→ **Assigned task**
Starting at the line containing "IWC Heavyweight Champion" and ending at the line containing "Envoyez par email", print every line of the material below exactly, both ends included, and stop there.

→ **Records for processing**

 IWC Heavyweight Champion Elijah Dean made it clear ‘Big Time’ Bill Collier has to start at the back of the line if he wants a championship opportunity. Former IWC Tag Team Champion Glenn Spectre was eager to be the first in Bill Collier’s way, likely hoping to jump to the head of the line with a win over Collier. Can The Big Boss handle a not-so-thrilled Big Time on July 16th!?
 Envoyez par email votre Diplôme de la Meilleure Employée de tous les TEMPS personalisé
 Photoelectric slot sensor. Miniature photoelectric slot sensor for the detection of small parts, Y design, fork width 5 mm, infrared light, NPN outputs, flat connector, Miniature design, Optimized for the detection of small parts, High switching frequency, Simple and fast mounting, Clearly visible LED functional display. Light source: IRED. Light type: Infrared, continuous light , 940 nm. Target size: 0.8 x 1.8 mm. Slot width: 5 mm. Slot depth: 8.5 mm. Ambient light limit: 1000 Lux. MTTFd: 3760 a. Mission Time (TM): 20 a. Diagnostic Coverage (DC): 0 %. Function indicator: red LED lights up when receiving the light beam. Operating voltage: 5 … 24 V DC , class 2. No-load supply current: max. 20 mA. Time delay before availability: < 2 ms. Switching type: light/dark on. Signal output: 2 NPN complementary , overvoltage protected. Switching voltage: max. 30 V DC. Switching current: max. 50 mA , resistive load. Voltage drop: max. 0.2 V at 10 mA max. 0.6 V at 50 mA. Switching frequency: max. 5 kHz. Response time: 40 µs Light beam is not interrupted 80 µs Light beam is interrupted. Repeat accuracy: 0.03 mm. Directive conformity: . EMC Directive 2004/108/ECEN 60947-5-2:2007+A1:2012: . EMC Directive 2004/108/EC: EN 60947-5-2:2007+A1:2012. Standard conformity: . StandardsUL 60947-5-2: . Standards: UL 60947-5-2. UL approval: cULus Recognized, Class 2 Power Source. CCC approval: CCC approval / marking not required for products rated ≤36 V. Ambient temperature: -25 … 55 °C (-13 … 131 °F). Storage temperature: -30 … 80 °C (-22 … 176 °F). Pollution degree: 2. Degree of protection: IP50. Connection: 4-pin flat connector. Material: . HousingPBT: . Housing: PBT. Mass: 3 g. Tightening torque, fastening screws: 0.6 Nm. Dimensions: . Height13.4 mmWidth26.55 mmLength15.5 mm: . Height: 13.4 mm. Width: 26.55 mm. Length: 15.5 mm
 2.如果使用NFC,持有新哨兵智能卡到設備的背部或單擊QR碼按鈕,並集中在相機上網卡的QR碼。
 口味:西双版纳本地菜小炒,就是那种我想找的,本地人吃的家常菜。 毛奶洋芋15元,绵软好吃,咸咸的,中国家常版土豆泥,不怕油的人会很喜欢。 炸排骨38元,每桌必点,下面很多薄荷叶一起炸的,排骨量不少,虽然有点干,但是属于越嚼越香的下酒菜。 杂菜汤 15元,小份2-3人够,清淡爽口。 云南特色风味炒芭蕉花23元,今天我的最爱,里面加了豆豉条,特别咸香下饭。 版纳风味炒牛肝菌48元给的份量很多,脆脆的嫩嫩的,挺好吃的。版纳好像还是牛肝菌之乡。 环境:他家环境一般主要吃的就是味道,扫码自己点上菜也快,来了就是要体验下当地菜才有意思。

* * *

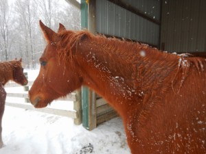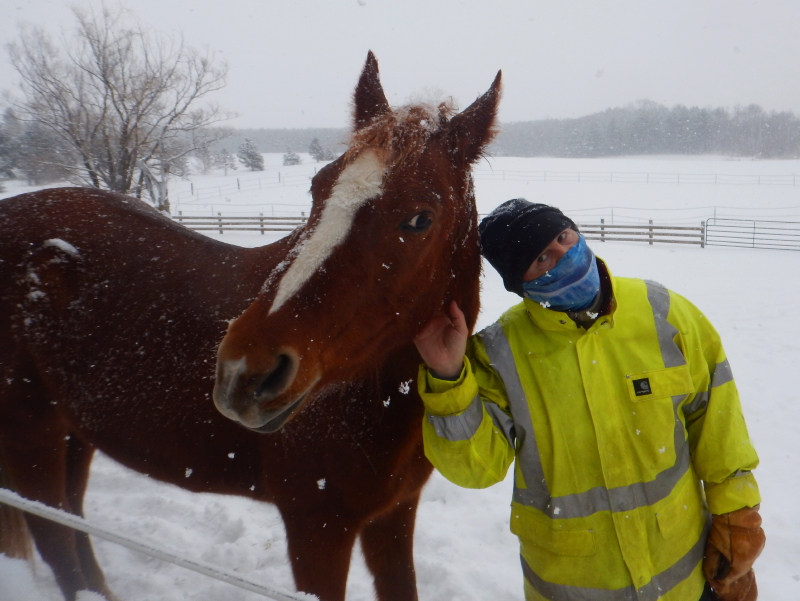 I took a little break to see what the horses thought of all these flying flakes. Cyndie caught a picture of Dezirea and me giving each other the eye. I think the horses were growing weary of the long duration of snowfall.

...

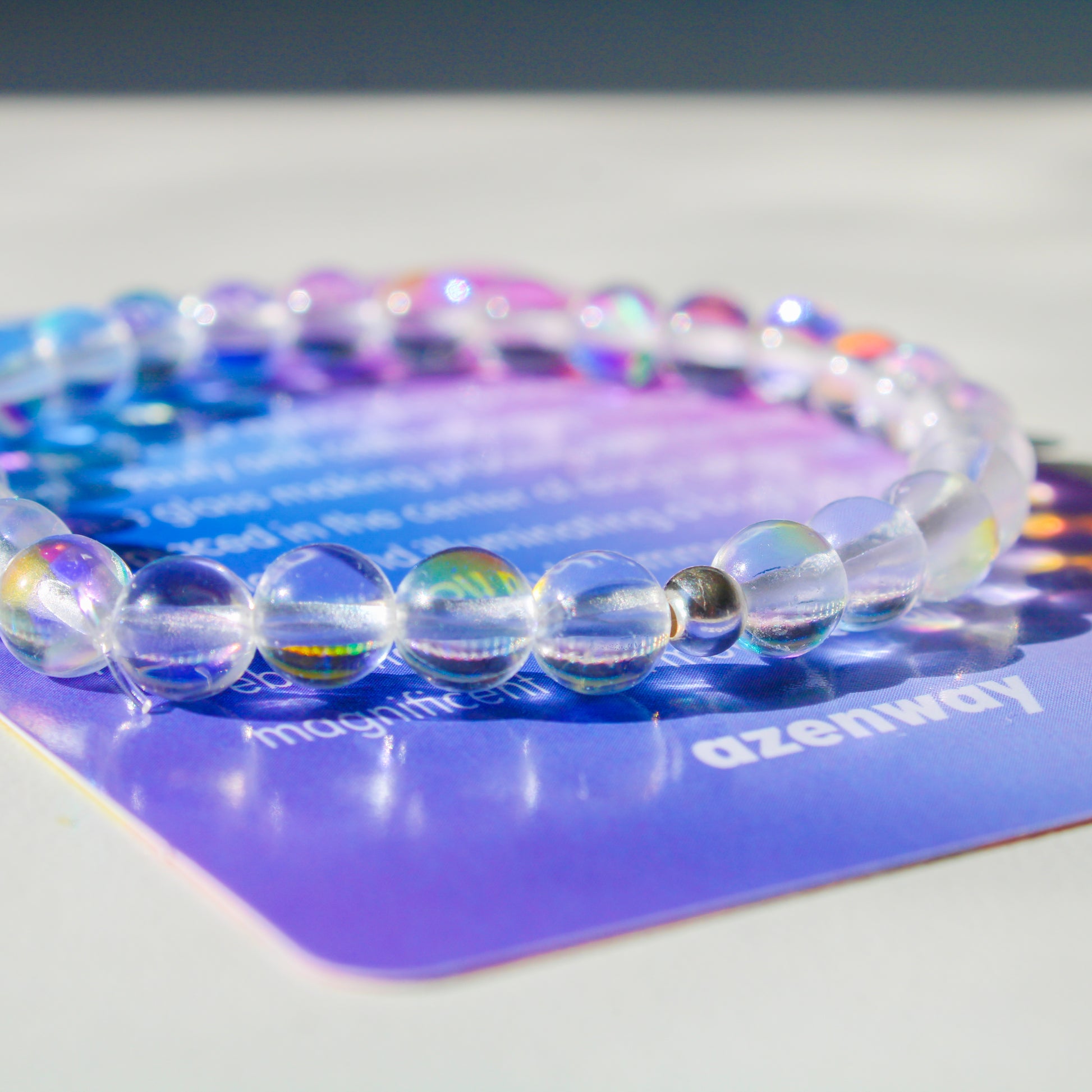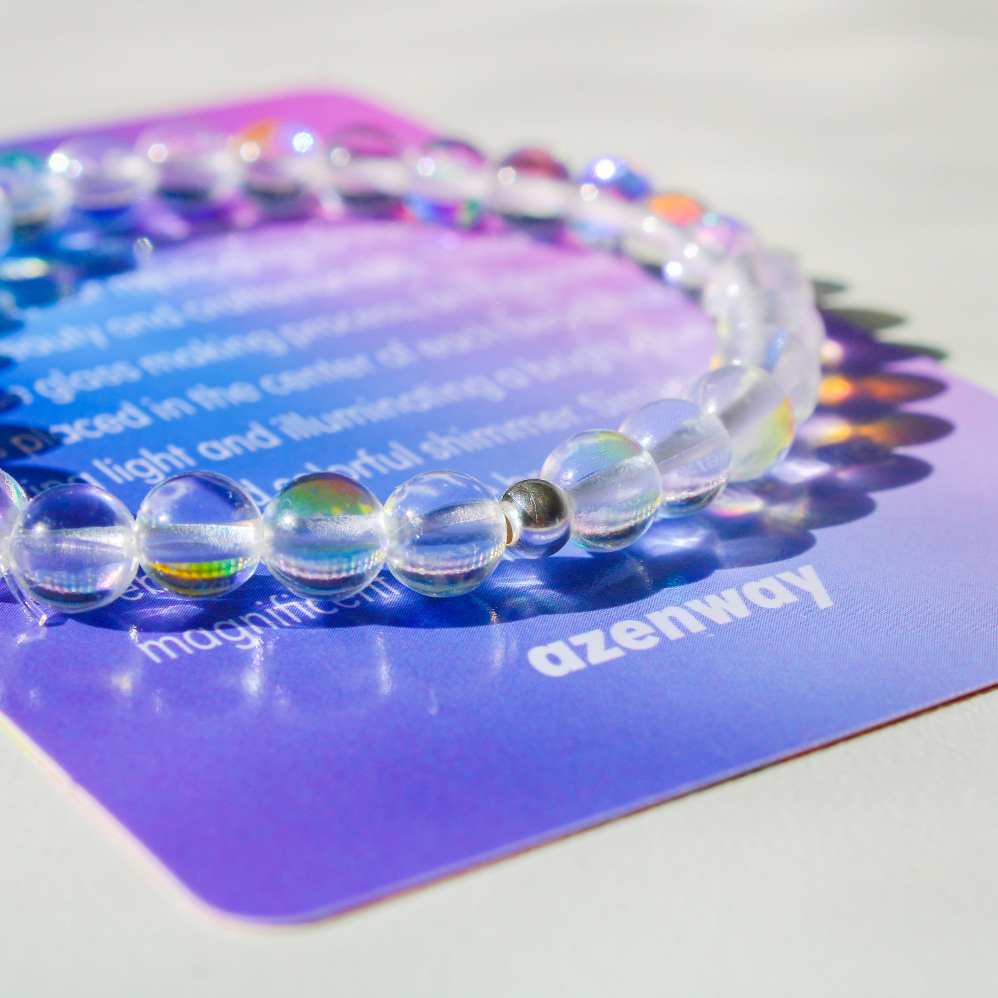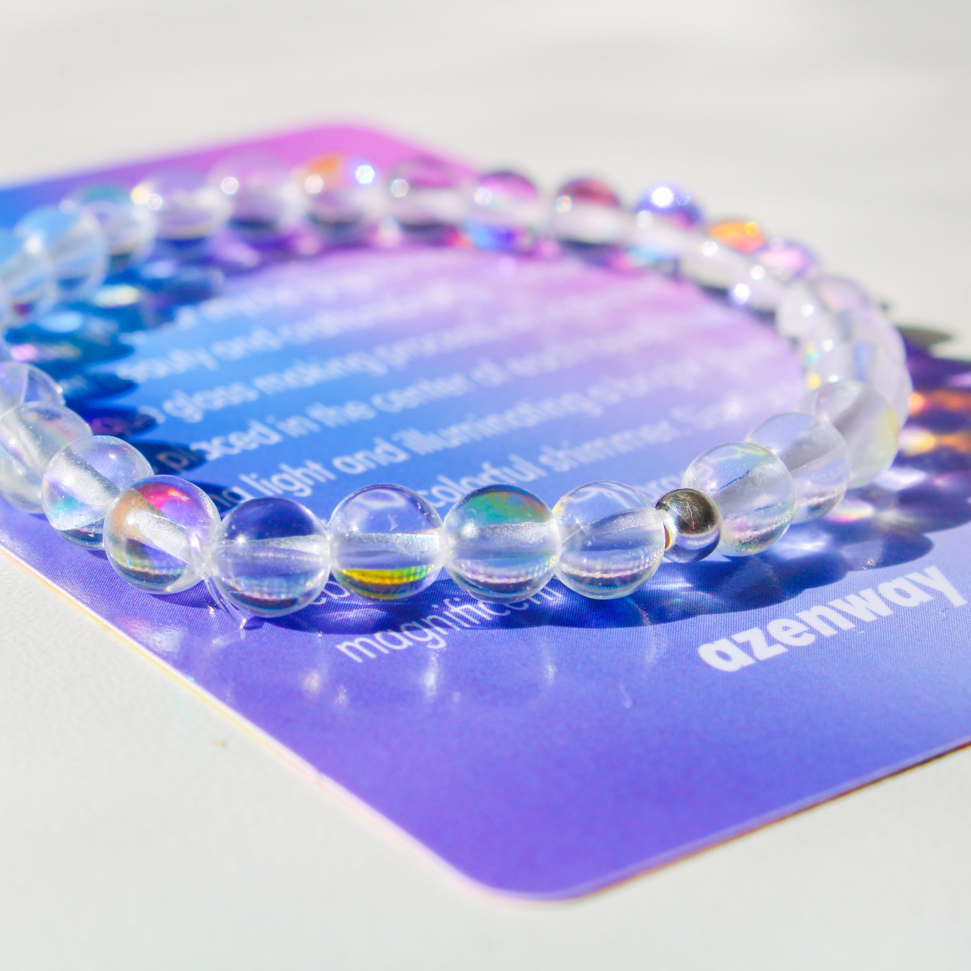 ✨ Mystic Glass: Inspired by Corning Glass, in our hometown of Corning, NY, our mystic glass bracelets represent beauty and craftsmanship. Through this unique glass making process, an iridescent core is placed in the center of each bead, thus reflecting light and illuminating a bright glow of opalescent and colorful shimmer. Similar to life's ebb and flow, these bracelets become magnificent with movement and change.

→ **Answer to this problem**
 IWC Heavyweight Champion Elijah Dean made it clear ‘Big Time’ Bill Collier has to start at the back of the line if he wants a championship opportunity. Former IWC Tag Team Champion Glenn Spectre was eager to be the first in Bill Collier’s way, likely hoping to jump to the head of the line with a win over Collier. Can The Big Boss handle a not-so-thrilled Big Time on July 16th!?
 Envoyez par email votre Diplôme de la Meilleure Employée de tous les TEMPS personalisé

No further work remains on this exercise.